Once across the bridge, Falk took a deep breath of the balmy air, thick with the smell of green growing things, and began shedding his coat. “Well, again, Davydd, excellent work today. Now that you are at liberty to move around, I hope you'll take time to enjoy the Palace grounds. The ornamental gardens are really quite beautiful.”
“Thank you, my lord, I have been hoping to do so.” Verdsmitt bowed low, then turned and angled away, pulling off his own coat as he did so. One of the servants, who had scurried up as they had stepped off of the bridge, took it and strode off toward the Palace as Verdsmitt disappeared around a flowering bush.
Falk walked slowly on toward the Palace himself. He would wait two or three hours before questioning the informant who had approached the captain, plenty of time to let the wine work on him. It was one of the softer interrogation techniques, but sometimes remarkably effective. Even if the man were dissembling, he would be more likely to betray himself with a flagon of wine . . . “really good wine,” as he'd told the captain, which would be understood to mean the wine that they heavily fortified just for these occasions, the taste of the extra alcohol magically removed.

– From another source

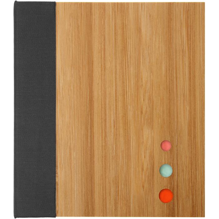Set tamaño 12 x 10,5 x 2 cm. Bambú. Contiene un bloc adhesivo rectangular de papel reciclado, un block adhesivo pequeño de color y 3 blocs en forma de flecha. El exterior del estuche es de bambú con detalles de tela, el interior es de plástico con divisiones. Presentación en caja de regalo.

In the meantime, there was Mother Northwind's progress with Tagaza to check on.
But on his way to Tagaza's quarters, he was met by Brich, who for once—
And a nice change it makes, too,
Falk thought—looked pleased by the news he carried. “Yes, Brich?”

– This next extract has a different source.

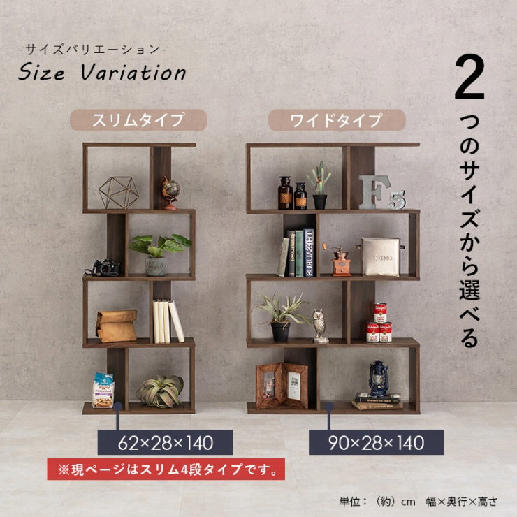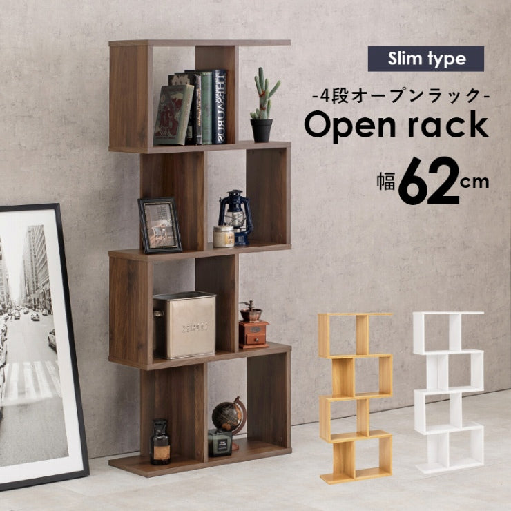 ディスプレイラック RCC-1601 幅62cm 奥行き28cm 高さ140cm スリム 4段タイプ オープンラック 壁面収納 ウォールシェルフ ラック パーテーション 玄関収納 本棚 マガジンラック 観葉植物 北欧

Brich smiled. “My lord, a message came in this morning from a Mounted Ranger on the east side of the lake. He has spotted Brenna, Anton, and the airship being pulled south by dogsleds. The Mountie is shadowing them from the shoreline.”
I have her again!
Falk thought, and it felt like a huge weight had been taken off his shoulders. “I would issue orders to immediately dispatch a sizable contingent of soldiers to seize them as soon as an opportunity presents itself, but I suspect they would be redundant,” Falk said.
Brich's smile widened. “The orders were issued the moment the message came in . . . in your name, of course.”
“Excellent.” Falk trusted Brich—about the only person he could say that of, now that Tagaza had betrayed him—and had made it clear to his secretary that he could, within reason, issue orders on Falk's behalf if time were of the essence. “They will seize them tonight, and have them back here . . . ?”
“Within two days.”
“Excellent,” Falk repeated. “Well done, Brich.”
“Thank you, sir.” Brich looked almost as pleased by the praise as Verdsmitt had.
And Mother Northwind
, Falk thought rather smugly,
didn't have a thing to do with it.
With Brenna having been found by ordinary means, it was no longer urgent that Tagaza be healthy enough to try his Heir-finding spell again—but when Brich intercepted him, Falk had been on his way to see how the First Mage was coming along under Mother Northwind's ministrations, and now he let inertia carry him the rest of the way . . .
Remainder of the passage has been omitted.